Start of ENTRIES PROVIDED

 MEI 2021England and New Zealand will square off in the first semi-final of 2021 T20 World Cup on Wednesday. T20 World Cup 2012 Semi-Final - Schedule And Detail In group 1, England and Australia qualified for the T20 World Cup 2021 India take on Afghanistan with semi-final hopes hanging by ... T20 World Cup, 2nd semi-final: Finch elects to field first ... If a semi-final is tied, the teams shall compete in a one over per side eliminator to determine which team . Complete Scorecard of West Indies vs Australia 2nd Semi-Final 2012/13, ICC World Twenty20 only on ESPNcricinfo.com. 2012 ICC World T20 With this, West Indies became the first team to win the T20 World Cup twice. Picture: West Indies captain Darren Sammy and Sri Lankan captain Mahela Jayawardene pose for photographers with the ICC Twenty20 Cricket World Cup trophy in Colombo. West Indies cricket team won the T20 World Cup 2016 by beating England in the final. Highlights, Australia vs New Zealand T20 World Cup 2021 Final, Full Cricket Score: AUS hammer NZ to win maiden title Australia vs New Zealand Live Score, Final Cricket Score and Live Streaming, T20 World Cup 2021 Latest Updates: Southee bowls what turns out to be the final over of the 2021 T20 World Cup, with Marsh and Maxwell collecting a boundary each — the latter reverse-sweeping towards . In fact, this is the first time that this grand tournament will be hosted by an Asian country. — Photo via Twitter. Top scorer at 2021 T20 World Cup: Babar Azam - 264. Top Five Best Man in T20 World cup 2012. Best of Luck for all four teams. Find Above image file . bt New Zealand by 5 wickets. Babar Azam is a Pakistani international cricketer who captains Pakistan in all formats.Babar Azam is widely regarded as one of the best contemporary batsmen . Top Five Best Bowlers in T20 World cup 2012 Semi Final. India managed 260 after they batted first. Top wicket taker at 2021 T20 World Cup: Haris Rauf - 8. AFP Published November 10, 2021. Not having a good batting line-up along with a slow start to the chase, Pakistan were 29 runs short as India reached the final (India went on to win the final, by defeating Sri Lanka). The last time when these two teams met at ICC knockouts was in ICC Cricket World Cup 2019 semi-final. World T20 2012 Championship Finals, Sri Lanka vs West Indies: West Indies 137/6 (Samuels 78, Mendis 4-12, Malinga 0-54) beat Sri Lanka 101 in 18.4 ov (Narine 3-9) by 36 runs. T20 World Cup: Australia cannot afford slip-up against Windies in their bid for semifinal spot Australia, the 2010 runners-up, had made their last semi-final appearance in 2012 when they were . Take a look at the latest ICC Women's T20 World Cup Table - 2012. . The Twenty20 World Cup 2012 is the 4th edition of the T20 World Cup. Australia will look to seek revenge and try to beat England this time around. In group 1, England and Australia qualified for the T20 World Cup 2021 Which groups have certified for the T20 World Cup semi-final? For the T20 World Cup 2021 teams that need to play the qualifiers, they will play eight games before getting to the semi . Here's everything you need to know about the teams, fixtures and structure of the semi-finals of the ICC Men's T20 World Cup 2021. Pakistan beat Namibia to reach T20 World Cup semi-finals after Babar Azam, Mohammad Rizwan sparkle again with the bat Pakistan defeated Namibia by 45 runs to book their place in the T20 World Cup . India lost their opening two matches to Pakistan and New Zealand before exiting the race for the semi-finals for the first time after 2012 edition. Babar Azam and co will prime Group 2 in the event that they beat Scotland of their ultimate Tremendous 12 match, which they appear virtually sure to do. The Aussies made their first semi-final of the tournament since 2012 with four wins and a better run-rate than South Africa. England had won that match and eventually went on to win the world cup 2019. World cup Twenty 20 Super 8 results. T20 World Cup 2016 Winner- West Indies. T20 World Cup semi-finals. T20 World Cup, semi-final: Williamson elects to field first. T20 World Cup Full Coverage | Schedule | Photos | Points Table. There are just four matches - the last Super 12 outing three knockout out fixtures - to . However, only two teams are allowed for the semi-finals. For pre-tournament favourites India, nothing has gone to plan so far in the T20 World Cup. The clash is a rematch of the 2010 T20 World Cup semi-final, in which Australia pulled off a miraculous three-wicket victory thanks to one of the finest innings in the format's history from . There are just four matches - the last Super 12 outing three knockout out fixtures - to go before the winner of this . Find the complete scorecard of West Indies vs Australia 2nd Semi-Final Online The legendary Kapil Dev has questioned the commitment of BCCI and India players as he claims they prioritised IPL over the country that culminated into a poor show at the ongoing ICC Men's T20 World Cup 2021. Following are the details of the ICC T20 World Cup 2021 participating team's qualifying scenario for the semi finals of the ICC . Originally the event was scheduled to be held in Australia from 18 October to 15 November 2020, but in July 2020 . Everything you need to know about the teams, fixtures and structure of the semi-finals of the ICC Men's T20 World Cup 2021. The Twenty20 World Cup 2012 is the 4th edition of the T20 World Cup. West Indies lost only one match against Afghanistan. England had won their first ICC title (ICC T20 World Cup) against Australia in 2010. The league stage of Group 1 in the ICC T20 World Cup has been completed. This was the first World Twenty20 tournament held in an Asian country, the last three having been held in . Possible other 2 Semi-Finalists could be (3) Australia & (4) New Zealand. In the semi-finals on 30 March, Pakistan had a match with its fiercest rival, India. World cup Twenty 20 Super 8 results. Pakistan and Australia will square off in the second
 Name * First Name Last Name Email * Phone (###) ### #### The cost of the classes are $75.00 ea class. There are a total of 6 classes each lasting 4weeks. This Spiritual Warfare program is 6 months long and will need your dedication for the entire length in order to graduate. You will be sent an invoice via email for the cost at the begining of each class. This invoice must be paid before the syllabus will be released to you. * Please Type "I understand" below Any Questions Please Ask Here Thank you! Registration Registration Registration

End of ENTRIES PROVIDED
Start of ENTRIES PROVIDED

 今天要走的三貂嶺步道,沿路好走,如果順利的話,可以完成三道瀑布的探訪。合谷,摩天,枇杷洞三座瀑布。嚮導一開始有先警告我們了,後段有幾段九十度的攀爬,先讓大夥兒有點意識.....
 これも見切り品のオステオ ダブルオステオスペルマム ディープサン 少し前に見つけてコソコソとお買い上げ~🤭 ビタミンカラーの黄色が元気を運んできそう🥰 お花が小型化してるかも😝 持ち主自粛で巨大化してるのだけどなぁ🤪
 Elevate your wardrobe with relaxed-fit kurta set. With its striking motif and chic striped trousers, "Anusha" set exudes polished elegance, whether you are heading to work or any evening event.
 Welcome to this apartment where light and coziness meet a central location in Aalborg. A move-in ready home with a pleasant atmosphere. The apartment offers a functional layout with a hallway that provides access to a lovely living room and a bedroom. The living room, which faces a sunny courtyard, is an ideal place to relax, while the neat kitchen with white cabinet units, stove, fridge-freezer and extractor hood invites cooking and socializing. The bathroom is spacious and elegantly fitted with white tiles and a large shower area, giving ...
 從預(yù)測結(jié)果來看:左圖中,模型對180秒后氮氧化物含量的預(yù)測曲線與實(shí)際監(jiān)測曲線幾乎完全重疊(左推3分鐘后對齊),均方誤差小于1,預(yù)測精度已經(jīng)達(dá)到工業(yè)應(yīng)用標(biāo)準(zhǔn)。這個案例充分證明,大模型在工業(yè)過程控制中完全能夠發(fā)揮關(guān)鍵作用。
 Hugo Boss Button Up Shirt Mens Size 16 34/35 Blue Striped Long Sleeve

End of ENTRIES PROVIDED
Start of ENTRIES PROVIDED

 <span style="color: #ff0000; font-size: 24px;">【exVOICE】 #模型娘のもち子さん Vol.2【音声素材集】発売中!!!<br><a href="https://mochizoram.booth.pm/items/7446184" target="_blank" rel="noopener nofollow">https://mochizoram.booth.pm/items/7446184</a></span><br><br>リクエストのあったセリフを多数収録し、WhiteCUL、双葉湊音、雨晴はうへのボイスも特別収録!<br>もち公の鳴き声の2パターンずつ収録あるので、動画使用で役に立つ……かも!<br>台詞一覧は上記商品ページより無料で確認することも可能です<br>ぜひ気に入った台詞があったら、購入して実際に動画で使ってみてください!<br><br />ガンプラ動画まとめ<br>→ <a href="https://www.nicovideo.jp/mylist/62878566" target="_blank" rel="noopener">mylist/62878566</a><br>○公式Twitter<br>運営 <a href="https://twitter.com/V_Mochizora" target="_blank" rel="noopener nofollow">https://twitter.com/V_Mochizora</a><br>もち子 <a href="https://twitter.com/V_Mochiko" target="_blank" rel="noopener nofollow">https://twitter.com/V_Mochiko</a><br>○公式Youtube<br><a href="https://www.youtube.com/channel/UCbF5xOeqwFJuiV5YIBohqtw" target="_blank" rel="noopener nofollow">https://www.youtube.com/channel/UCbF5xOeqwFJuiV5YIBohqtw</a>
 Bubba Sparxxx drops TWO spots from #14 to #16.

End of ENTRIES PROVIDED

● **HOW TO COMPLETE THIS TASK**: Reproduce verbatim the lines above, from the line with "これも見切り品のオステオ ダブルオステオスペルマム ディープサン" through the line with "Welcome to this".

● **SOLUTION TO THIS PROBLEM**:
 これも見切り品のオステオ ダブルオステオスペルマム ディープサン 少し前に見つけてコソコソとお買い上げ~🤭 ビタミンカラーの黄色が元気を運んできそう🥰 お花が小型化してるかも😝 持ち主自粛で巨大化してるのだけどなぁ🤪
 Elevate your wardrobe with relaxed-fit kurta set. With its striking motif and chic striped trousers, "Anusha" set exudes polished elegance, whether you are heading to work or any evening event.
 Welcome to this apartment where light and coziness meet a central location in Aalborg. A move-in ready home with a pleasant atmosphere. The apartment offers a functional layout with a hallway that provides access to a lovely living room and a bedroom. The living room, which faces a sunny courtyard, is an ideal place to relax, while the neat kitchen with white cabinet units, stove, fridge-freezer and extractor hood invites cooking and socializing. The bathroom is spacious and elegantly fitted with white tiles and a large shower area, giving ...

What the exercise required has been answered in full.